Outriders-Komfort: Koop Sowohl die Kampagne als auch die Endgame-Expeditionen können im Koop ohne Levelbeschränkunken gespielt werden, Outriders passt den Schwierigkeitsgrad flexibel an.

Mods Wer ein Ausrüstungsteil zerlegt, schaltet die dort verbrauten Mods für immer frei.

Story Einmal freigespielte Kapitel dürfen wir bequem per Menü erneut erleben - auch um dort gezielt Beute zu farmen.

Beute Per Loot-Automatik bestimmen wir, was nach geschlagener Schlacht automatisch eingesammelt wird.

Mir ist klar, dass all dies in Outriders nur deshalb funktioniert, weil das eigentliche Spielprinzip so simpel ist: Arena stürmen, Feinde plätten, Beute sammeln, Helden aufrüsten, nächste Arena stürmen. Aber gerade zum Feierabend muss es ja nicht immer die Haute Cuisine sein, manchmal schmeckt mit Fast Food genauso gut.

Flexible Feierabend-Freude

Ich kann alle verstehen, denen solche Komfortfunktionen die Immersion zerstören. Aber niemand wird schließlich gezwungen, sie zu nutzen.
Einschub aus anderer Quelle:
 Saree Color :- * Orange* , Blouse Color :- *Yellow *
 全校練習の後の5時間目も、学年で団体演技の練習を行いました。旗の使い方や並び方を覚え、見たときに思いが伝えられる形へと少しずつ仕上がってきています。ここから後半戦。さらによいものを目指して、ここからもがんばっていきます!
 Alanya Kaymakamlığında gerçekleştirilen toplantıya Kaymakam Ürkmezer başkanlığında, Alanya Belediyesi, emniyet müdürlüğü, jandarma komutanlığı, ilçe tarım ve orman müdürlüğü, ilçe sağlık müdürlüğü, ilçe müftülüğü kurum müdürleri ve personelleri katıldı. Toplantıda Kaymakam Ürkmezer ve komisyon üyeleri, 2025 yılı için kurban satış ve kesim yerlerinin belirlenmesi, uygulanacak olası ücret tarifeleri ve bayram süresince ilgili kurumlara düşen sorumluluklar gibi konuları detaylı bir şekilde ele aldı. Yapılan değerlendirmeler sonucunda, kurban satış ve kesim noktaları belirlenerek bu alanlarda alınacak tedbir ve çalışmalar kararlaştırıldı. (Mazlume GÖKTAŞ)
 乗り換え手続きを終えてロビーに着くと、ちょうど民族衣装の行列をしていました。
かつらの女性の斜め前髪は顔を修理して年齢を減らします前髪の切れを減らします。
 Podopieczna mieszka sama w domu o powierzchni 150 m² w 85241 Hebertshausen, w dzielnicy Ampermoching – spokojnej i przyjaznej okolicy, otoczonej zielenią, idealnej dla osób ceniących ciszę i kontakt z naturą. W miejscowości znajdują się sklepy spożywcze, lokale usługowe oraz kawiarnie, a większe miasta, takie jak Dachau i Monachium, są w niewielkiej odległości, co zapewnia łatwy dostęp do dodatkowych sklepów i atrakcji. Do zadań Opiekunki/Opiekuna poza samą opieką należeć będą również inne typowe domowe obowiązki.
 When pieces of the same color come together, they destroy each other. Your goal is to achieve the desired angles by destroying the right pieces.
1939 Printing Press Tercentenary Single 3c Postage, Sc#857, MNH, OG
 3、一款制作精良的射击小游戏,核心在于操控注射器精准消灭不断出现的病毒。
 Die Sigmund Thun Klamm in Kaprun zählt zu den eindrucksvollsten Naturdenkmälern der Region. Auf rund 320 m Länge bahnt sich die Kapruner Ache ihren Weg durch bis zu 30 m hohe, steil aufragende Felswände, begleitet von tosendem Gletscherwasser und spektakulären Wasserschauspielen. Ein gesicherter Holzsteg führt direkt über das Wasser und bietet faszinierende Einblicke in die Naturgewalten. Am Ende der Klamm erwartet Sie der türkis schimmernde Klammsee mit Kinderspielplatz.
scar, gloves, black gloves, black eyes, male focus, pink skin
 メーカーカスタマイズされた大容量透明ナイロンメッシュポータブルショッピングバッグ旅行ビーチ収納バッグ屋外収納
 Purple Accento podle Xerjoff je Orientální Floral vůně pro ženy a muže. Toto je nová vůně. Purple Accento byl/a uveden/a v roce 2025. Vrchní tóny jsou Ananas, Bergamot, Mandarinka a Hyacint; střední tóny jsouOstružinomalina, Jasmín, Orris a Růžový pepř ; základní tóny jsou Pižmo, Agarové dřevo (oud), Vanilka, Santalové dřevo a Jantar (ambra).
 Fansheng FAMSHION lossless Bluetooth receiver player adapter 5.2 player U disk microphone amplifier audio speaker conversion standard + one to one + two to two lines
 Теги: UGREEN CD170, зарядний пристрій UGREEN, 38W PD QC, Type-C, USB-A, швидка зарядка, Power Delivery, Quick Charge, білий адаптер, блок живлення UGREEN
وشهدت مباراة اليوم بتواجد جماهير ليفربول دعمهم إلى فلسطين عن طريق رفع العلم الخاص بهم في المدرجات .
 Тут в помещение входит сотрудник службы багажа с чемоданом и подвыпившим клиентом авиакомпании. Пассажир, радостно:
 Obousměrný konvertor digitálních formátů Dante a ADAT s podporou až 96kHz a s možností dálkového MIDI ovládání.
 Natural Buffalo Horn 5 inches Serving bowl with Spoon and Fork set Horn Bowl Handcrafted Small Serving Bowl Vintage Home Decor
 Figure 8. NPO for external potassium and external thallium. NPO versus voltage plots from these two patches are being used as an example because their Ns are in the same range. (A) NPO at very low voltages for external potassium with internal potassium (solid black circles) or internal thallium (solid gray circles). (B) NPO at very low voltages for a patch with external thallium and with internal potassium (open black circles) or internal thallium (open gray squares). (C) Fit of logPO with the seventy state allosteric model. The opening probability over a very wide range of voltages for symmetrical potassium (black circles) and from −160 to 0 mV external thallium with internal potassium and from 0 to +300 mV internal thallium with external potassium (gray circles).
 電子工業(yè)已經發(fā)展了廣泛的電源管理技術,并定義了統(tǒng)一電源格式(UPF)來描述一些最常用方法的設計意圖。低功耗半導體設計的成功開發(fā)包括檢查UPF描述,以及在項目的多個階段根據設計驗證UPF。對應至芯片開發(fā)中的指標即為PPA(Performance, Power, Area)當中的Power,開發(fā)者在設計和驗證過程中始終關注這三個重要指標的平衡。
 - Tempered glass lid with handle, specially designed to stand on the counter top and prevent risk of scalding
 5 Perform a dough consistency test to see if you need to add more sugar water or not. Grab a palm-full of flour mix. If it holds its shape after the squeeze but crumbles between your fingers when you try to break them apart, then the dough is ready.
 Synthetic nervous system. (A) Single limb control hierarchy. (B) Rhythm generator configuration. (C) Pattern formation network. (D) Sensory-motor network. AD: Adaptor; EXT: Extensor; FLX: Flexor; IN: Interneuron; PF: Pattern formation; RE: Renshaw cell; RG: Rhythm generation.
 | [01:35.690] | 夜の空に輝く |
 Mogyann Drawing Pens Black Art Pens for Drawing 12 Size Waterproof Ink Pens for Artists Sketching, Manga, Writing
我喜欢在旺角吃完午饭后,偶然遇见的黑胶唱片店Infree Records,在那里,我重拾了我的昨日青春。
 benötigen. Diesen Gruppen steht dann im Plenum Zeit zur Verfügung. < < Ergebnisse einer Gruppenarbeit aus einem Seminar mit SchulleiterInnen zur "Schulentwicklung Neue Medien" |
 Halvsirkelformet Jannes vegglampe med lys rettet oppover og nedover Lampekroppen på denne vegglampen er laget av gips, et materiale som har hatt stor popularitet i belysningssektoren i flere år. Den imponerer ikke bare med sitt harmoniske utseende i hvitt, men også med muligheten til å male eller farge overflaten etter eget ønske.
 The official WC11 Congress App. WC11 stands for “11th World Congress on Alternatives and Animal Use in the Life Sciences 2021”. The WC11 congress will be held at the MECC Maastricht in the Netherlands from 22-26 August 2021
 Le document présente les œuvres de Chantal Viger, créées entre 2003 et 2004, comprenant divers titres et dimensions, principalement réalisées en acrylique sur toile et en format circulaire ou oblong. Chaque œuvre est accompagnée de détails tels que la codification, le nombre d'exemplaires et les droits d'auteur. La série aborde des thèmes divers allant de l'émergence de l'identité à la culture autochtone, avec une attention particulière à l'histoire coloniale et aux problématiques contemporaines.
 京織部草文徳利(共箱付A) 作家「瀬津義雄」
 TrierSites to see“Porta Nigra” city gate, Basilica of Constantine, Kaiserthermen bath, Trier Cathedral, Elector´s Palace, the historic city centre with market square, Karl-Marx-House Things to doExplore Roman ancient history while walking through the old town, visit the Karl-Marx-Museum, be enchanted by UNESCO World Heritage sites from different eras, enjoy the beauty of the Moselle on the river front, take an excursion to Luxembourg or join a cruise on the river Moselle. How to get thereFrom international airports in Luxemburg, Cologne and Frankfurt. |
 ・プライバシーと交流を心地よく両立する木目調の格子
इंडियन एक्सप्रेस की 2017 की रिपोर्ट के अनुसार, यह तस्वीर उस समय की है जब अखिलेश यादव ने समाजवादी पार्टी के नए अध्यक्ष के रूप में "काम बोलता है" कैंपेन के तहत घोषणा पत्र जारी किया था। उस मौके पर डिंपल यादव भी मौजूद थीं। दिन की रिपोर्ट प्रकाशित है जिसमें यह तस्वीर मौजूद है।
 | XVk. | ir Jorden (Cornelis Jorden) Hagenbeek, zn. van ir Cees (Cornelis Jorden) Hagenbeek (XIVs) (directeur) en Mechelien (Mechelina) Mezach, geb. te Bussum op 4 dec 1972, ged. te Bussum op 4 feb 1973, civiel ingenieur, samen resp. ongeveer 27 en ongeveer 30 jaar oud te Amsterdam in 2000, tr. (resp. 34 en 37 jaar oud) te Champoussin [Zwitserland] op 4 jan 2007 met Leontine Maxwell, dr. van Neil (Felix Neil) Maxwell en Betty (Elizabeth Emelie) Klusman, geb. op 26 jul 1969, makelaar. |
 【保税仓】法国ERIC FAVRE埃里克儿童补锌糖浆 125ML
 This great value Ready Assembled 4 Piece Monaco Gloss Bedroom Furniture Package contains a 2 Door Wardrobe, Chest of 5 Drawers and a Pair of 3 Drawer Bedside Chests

Legt gern sämtliche Wege zu Fuß zurück, deaktiviert das automatische Looten, spielt nur mit Leuten auf eurem Level - alles cool.

Für mich funktioniert Outriders aber genau deshalb so gut, weil es sich mir anpasst und nicht umgekehrt. Je nach Laune und Zeitbudget verbringe ich meinen Feierabend nur mit ein paar mehr oder weniger knackigen Arena-Schlachten, absolviere eine Expedition allein oder im Koop oder wühle mich auch mal zwei Stunden durch sämtliche Details eines Story-Kapitels. All diese Elemente könnt ihr euch auch nochmal in unserem Testvideo anschauen:

Outriders Test - Diablo trifft Sci-Fi-Shooter Video starten 15:41 Outriders Test - Diablo trifft Sci-Fi-Shooter

Zugegeben, die Flexibilität von Outriders geht teilweise zu Lasten des Balancings. Aber wenn ich dafür Zugriff auf wirklich alle Spielinhalte bekomme, nehme ich das sehr gern in Kauf. Outriders überlässt mir die Entscheidung, ob ich mich allein in die Endgame-Expeditionen stürze, statt Solisten pauschal auszusperren.

Vor allem kann ich aber gemeinsam mit meinen Freundinnen und Freunden spielen, vollkommen unabhängig davon, auf welchem Level sie sich gerade befinden. Genau das hätte Fröhlich in World of Warcraft sehr glücklich gemacht. Und ich hoffe, dass künftig noch viel mehr Spiele so an Fröhlich denken, wie es Outriders getan hat.